Here are just a few of the things I ran across while moving:

A GE portable radio that I don't remember owning (it's much nicer than one I'd buy for myself).

A small, square pillow Mom made for me from an old black coat when I was ten.

A large teddy bear I rescued from the foundation of a building that had been demolished.

A plaid metal lunchbox given to me for my birthday by Red Secretary.

Unfiled photos of Lottie.

Bits of stone excavated from the remains of Riverview Park.

A poster for the movie version of Tank Girl.

The laminated holy card from my father's wake.

A terra cotta leopard.

A framed AIDSwalk poster.

My collection of Lorri Jackson poetry. (Has she really been dead almost 16 years? Damn. Time flies, whether you're having fun or not.)

One Wiener Whistle.

Two decks of tarot cards.

Three life-size plastic skulls.

A gunmetal-colored picture frame that used to hold the picture of a woman I loved, sitting on a couch with three other friends I no longer hear from.

The small, lighted, plastic pine tree that my grandmother put in her living room window every Christmas--the same tree that will sit in my living room window this Christmas.

An Eliza Dushku action figure I bought in Dallas.

The same copy of Ulysses that everybody seems to have, but no one has actually read.

My first camera--a boxy little Kodak that takes film that's no longer manufactured.

A pair of sunglasses that look like something out of The Blues Brothers.

A large booklet of 78s that also holds the death announcements for my godmother and uncle.

The head of a wooden bird toy Mom played with as a child.

Porn tapes I'd misplaced.

A clock depicting the Last Supper that plays the Hallelujah Chorus at the top of the hour, "won" at a Christmas in July party in Dayton.

A small carboard horn with Captain Marvel on the side.

Half a dozen pairs of cowboy boots.

A rubber shark I've had since the original Jaws came out.
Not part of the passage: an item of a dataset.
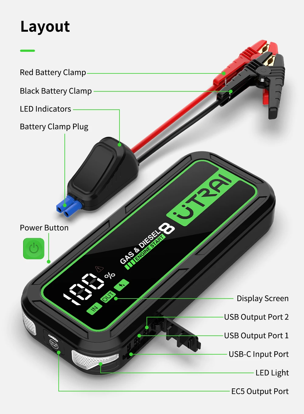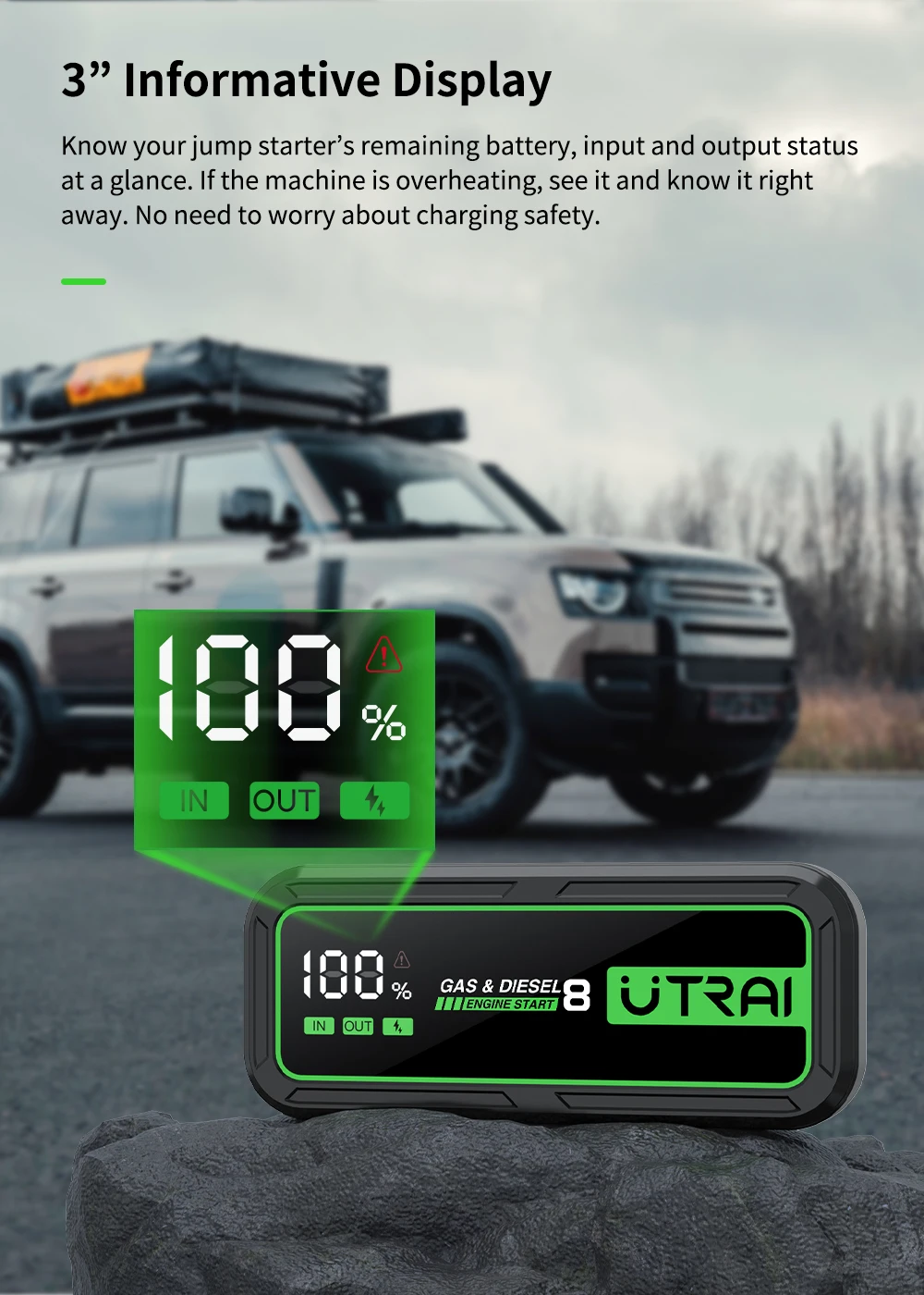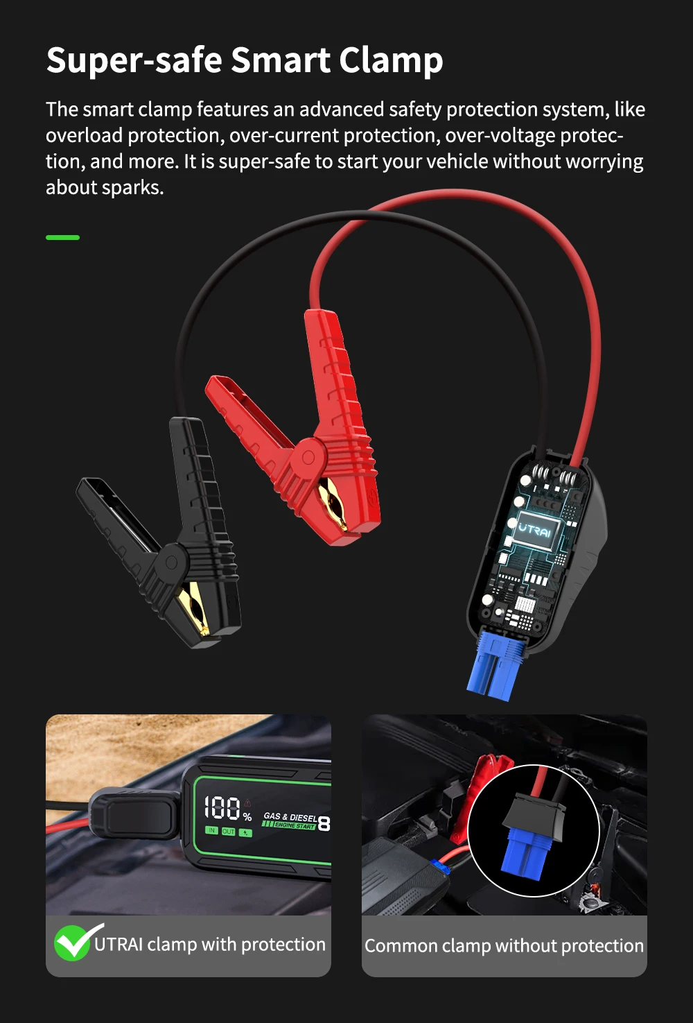 UTRAI Power Bank Car Jump Starter 6000A 20000mAh Starting Device Auto Emergency Car Battery Booster Smart NTC Protection JS-8
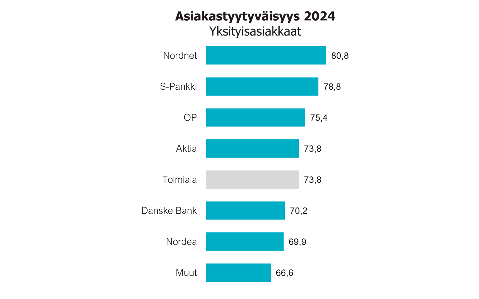 Säästäjät ja sijoittajat kokevat, että S-Pankki tarjoaa täyden palvelun pankeista parasta vastinetta rahoille. Tätä kuvaava indeksiarvo oli S-Pankilla 80,8 ja 5,3 indeksiyksikköä yli alan keskiarvon. Lisäksi S-Pankilla on alan toiseksi uskollisimmat asiakkaat: asiakasuskollisuutta kuvaava indeksiluku oli S-Pankilla 82,3, joka oli 5,7 indeksiyksikköä korkeampi kuin toimialan keskiarvo.

Three Cindy Crawford calendars and two Heather Thomas calendars kept safe in a WGN portfolio.

A Star Trek communicator.

More action figures and model kits than I could ever display, even if my new apartment were the size of Graceland.

And much, much more.

Each object evoked at least one specific memory, if not a torrent of them. Sometimes, I smiled. Sometimes, I winced. Sometimes, the object in question didn't make the trip to the new apartment, though usually it did. Sometimes, knowing what was in the boxes--the (re)discoveries made, the pleasures and acquaintances renewed--made carrying them that much easier. Sometimes, it made them weigh twice as much.

I guess that's what happens when you live in one place for so long. The memories themselves, whether good, bad, ecstatic or somber, can weigh more than the furniture. And the ghosts? You may not be able to kill a ghost, but you can, at least, give it a polite nod and move on.